## Goal of the exercise
Beginning at the line that contains "每天清晨,不少市民在锦绣川的小广场上跳广场舞锻炼身体。 本报记者 王小会 摄", reproduce the entries below exactly, ending with the line that contains "Trotz der andauernden". Omit each picture.

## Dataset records
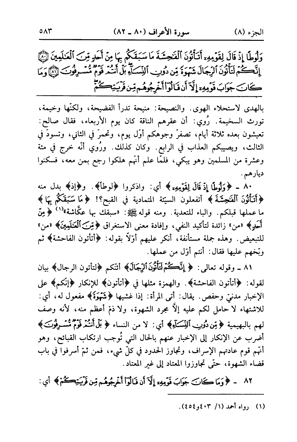 إِنَّكُمْ لَتَأْتُونَ الرِّجَالَ شَهْوَةً مِنْ دُونِ النِّسَاءِ بَلْ أَنْتُمْ قَوْمٌ مُسْرِفُونَ (81)
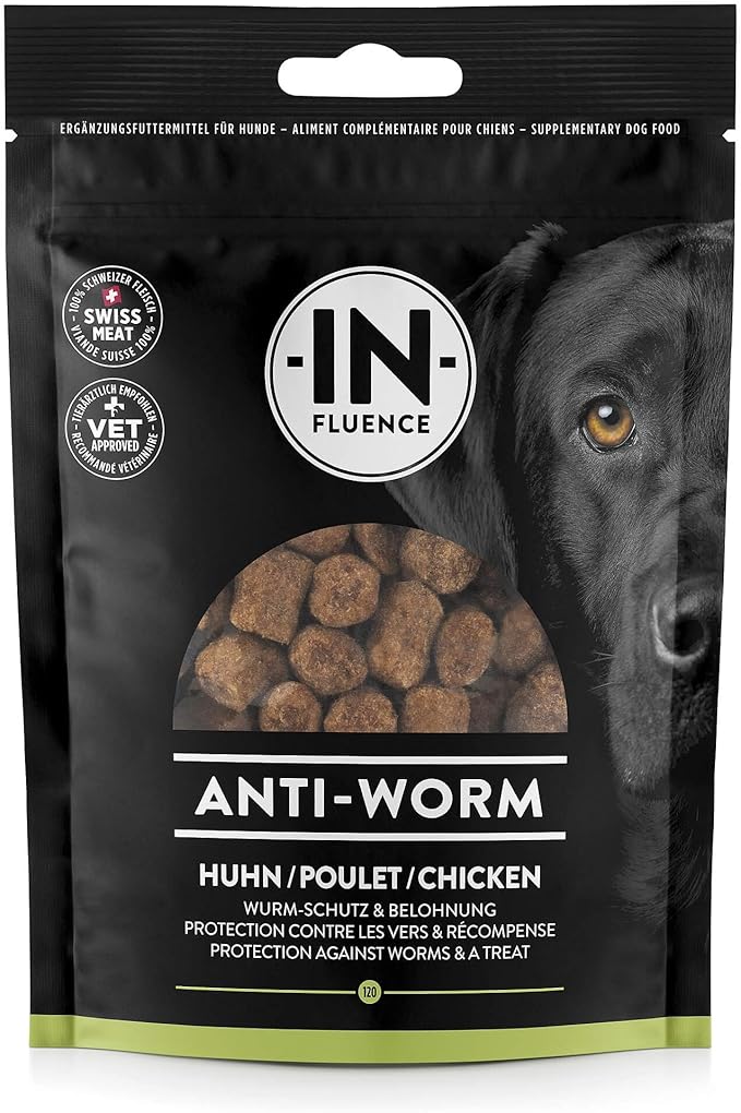 IN-Fluence Anti-Worm Spuntino per cani, carne svizzera, protezione e ricompensa, Vet-Approved, 100 g
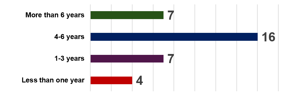- 20% (7 riders) have more than six years of experience.
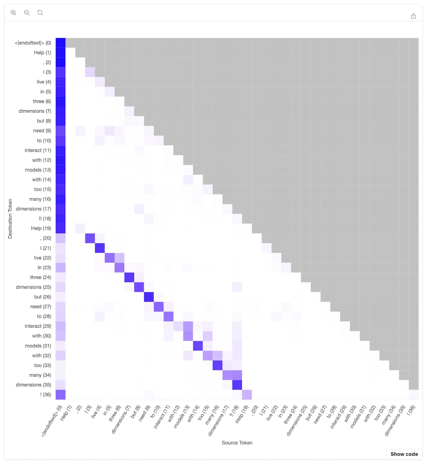 The off-center diagonal purple stripe in the triangular attention pattern (figure 7) is the result of induction heads. Each token in the repeated second sentence strongly attends to the next token of the sequence from the first sentence.
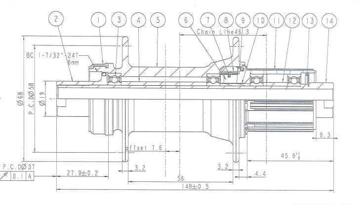 Zadný náboj D442SB-CL-B12-S4S-11S boost, zliatina, Centerlock, eloxovaná čierna, 32H/14G, os CrMo 12x148, bez loga, ložiská NBK, oceľový voľnobežník, podložka 11 B2-type, s 9-rýchlostnou 1,5mm podložkou, typ B2, D:45,9 R=L, bez pevnej osky, OEM (CN)
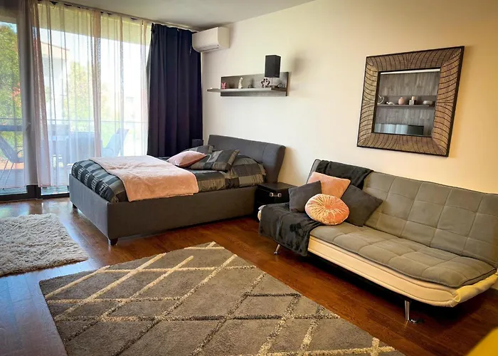 Yacht Club Art Apartman A20 Balatonlelle o powierzchni 43 m^2 z widokiem na ogród zapewnia Gościom dostęp do prywatnego obszaru plaży. Balaton jest 4 km od obiektu, podczas gdy Balatonlelle Felso Vasutallomas znajduje się około 10 min jazdy autem od tego apartamentu.
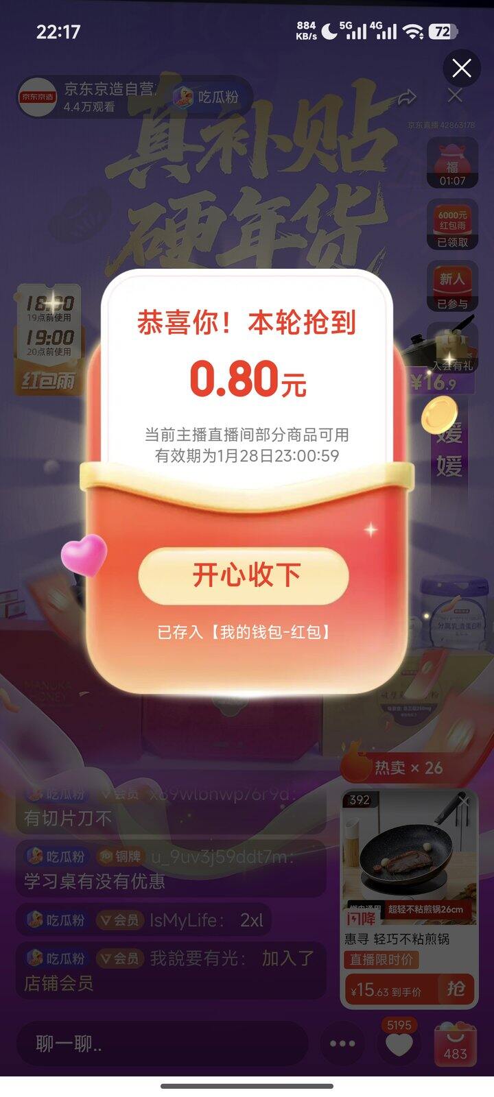 ③一些直播间会有观看红包和红包雨
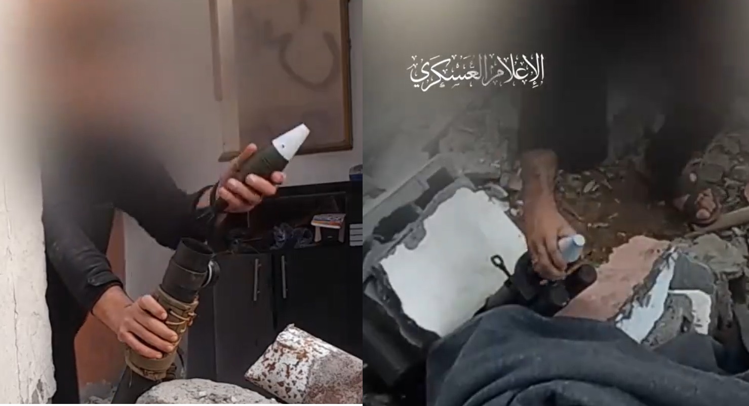 In one scene, a Al-Qassam resistance member is seen firing multiple consecutive mortar shells from a launcher next to a tree. In another scene, another fighter inside an office is seen loading a launcher with more shells.
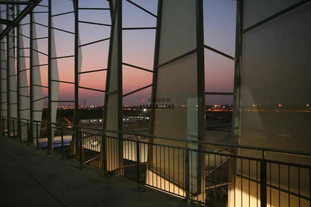 織物幕墻膜材料為微孔面料,通透效果好,不阻擋室內朝室外的視覺。微孔設計,使其具有極佳的遮陽及隔熱效果,能夠阻擋70%以上的熱能,最大限度節省電能。
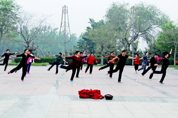 每天清晨,不少市民在锦绣川的小广场上跳广场舞锻炼身体。 本报记者 王小会 摄
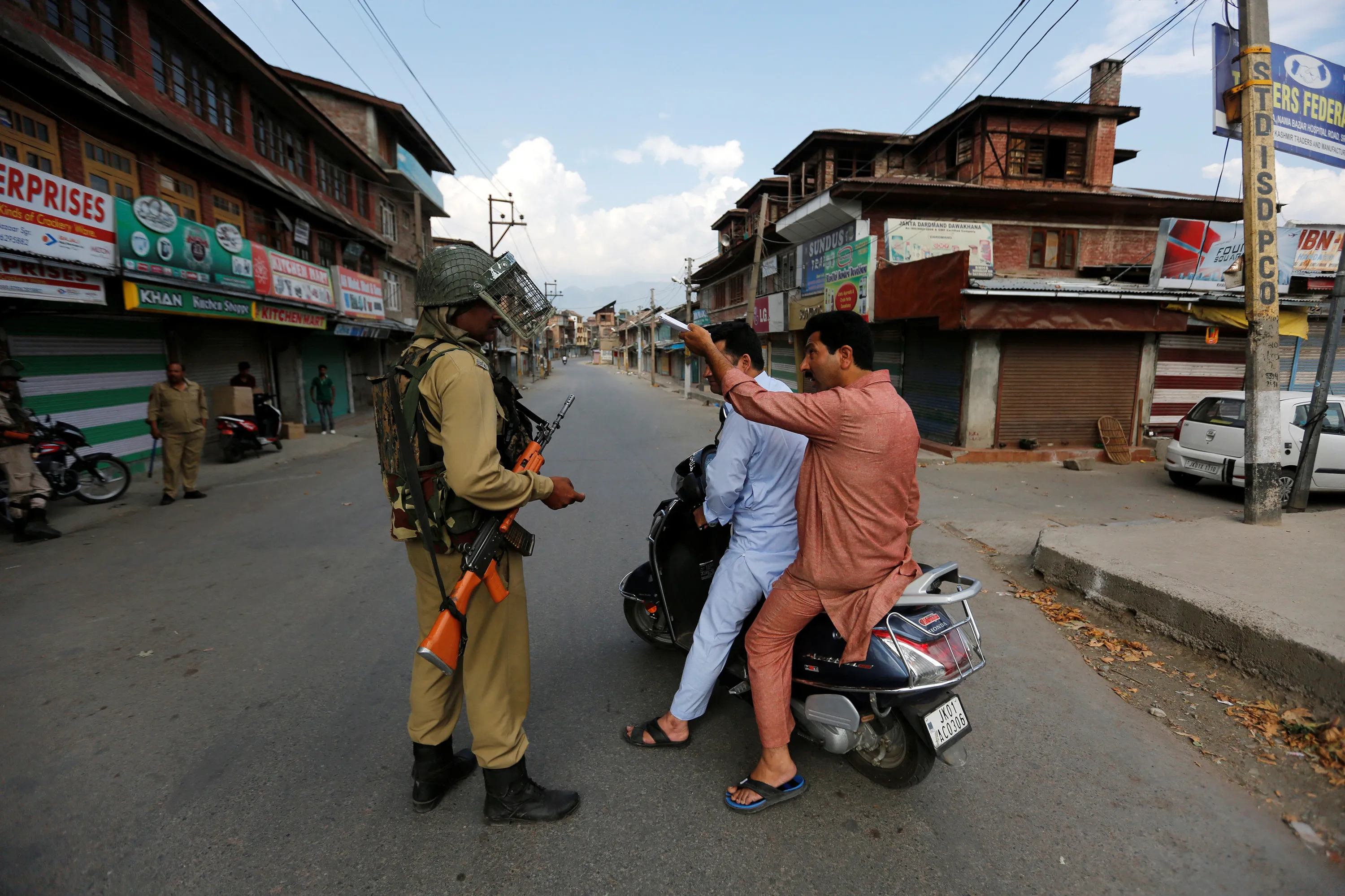 An Indian policeman stops men on a scooter during a curfew in Srinagar July 12, 2016. (Photo by Danish Ismail/Reuters)
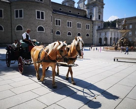 Trotz der andauernden Hitzewelle und Temperaturen jenseits der 30 Grad in der Salzburger Altstadt müssen die Fiakerpferde ihre unfreiwilligen Runden auf dem glühenden Pflaster drehen. Das Thermometer am Alten Markt zeigte am Dienstag zur Mittagszeit erdrückende 33 Grad Celsius im Schatten an.
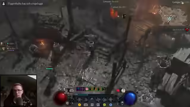 04:30:17Der Streamer wundert sich, dass er als Streamer die neuen Twitch-Drops mit Starcraft Skins nicht mitbekommen hat und fragt die Zuschauer, wer ebenfalls nichts davon wusste. Viele Zuschauer bestätigen, dass sie es auch nicht wussten. Er erklärt, dass man Twitch- und Battle.net-Account verbinden muss, um die Drops zu erhalten. Der Streamer findet den Dungeon mit den Teleportern nervig und erwähnt, dass sein Helm +7 zu Kernskills gibt, was besser ist als im PTR. Er befindet sich in einer Glückssträhne und farmt schnell Krümmungen. Der Streamer erklärt eine Taktik, wie man mit einem Twink und Schriftrollen schnell Funken farmen kann. Er hat Glück und bekommt den Buff direkt zweimal in einem Run. Der Streamer scherzt, dass Blizzard ihn für den Kauf der Skins belohnt. Er befreit die gefangenen Opfer im Dungeon nicht, sondern nimmt nur den Loot mit. Seine Nase juckt, was laut ihm ein Zeichen für guten Loot ist. Er ist bei 15.000 Krümmungen und hat eine Glückssträhne.
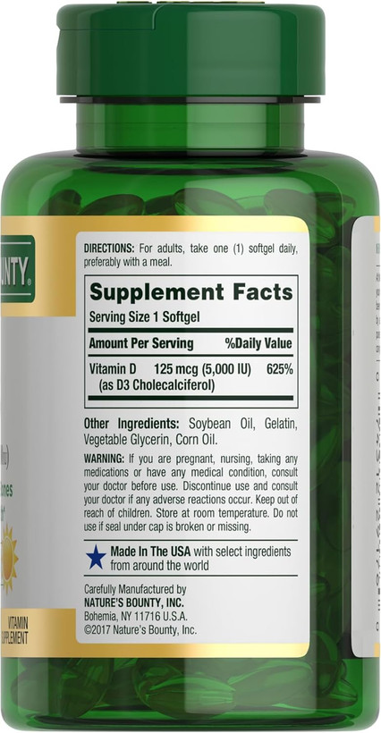 Nature’s Bounty Vitamin D3 5000 IU یک مکمل ایدهآل برای افرادی است که نیاز به تقویت سیستم ایمنی و بهبود سلامت استخوانها دارند. این محصول با فرمولاسیون جذب سریع، انتخابی عالی برای تأمین نیاز روزانه ویتامین D بدن است.
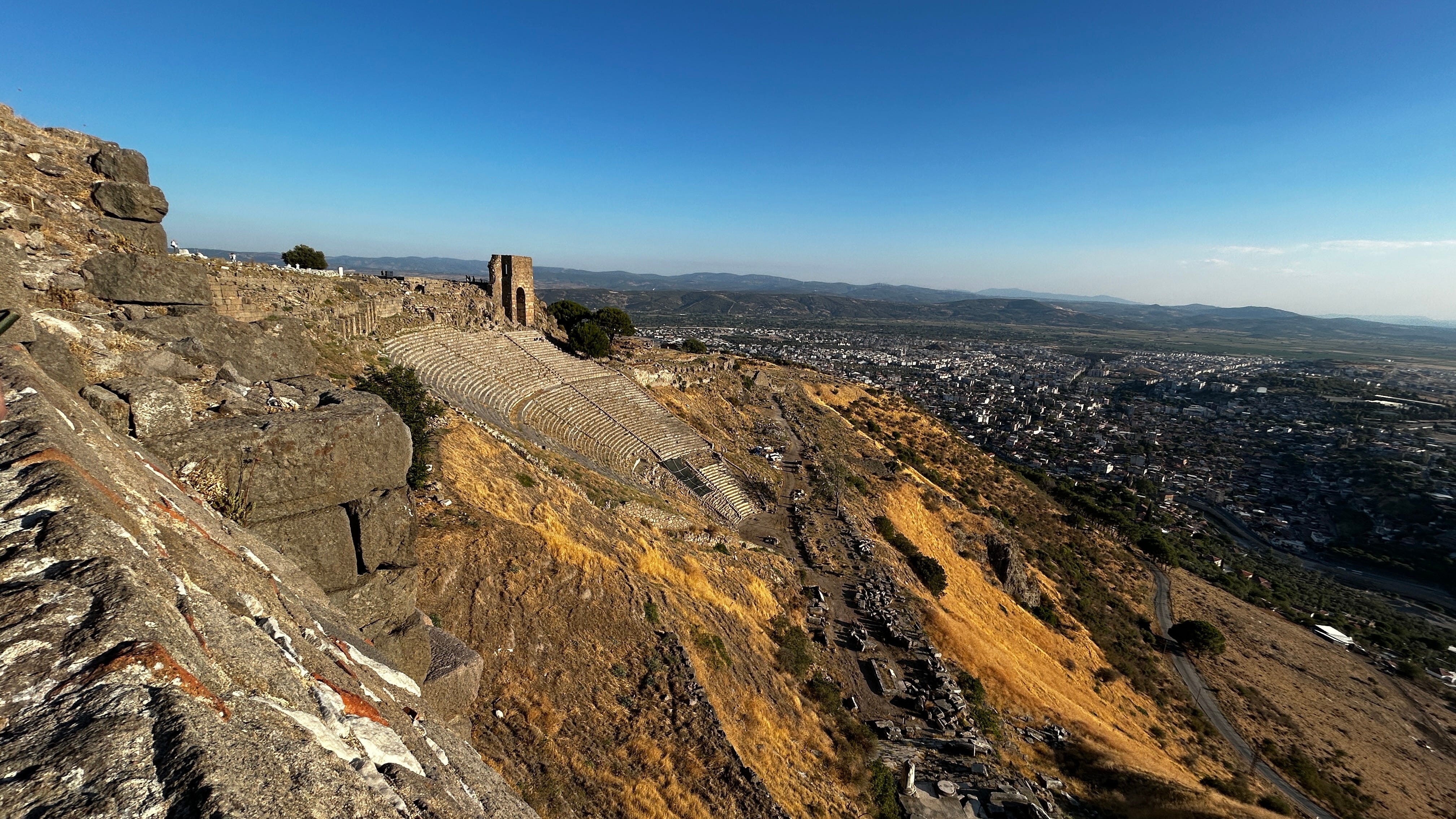Bu yaz ilk kez Bergama’ya gittim. Üç gün boyunca Bergama Tiyatro Festivali için ordaydım, döndüm ama aklım hâlen orda. Akropol’ü gezerken öyle bir büyülendim ki günlerdir arkeologların videolarını izliyor, yazılarını okuyorum. Antik kenti anlamanın kıyısından bile geçemediğimi hissediyorum. Buna rağmen Korhan’ı dinlerken öyle bir an yaşadım ki sanki şifalandım.

## The answer
 每天清晨,不少市民在锦绣川的小广场上跳广场舞锻炼身体。 本报记者 王小会 摄
 An Indian policeman stops men on a scooter during a curfew in Srinagar July 12, 2016. (Photo by Danish Ismail/Reuters)
 Trotz der andauernden Hitzewelle und Temperaturen jenseits der 30 Grad in der Salzburger Altstadt müssen die Fiakerpferde ihre unfreiwilligen Runden auf dem glühenden Pflaster drehen. Das Thermometer am Alten Markt zeigte am Dienstag zur Mittagszeit erdrückende 33 Grad Celsius im Schatten an.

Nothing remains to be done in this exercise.